TASK DIRECTIONS
Exact copy, no pictures: return only the lines below from the line with "Слюсар з ремонту с/г машин і на устаткування" up to and including the line with "Los estudiantes de".

TASK INPUTS

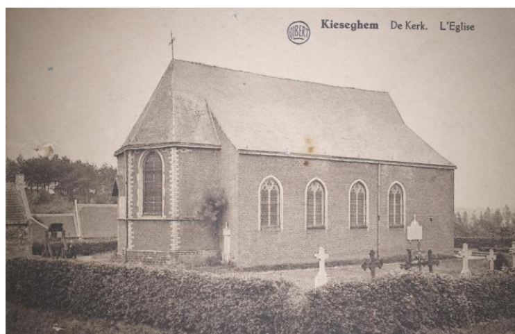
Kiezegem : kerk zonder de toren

---

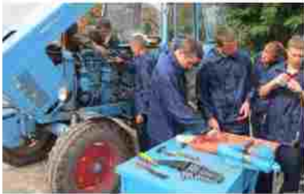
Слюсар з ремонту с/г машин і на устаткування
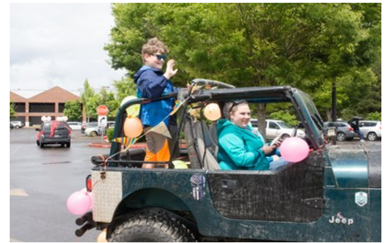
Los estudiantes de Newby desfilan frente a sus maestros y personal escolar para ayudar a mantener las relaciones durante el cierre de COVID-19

* * *

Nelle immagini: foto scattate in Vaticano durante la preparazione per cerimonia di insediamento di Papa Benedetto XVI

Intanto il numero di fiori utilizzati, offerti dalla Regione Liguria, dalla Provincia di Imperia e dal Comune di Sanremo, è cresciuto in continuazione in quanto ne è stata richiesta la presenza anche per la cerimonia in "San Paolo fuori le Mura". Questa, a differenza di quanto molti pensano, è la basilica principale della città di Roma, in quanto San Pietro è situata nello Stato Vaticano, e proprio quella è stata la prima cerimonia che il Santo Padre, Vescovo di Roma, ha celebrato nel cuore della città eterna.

REPLY TO THE EXERCISE
Слюсар з ремонту с/г машин і на устаткування
Los estudiantes de Newby desfilan frente a sus maestros y personal escolar para ayudar a mantener las relaciones durante el cierre de COVID-19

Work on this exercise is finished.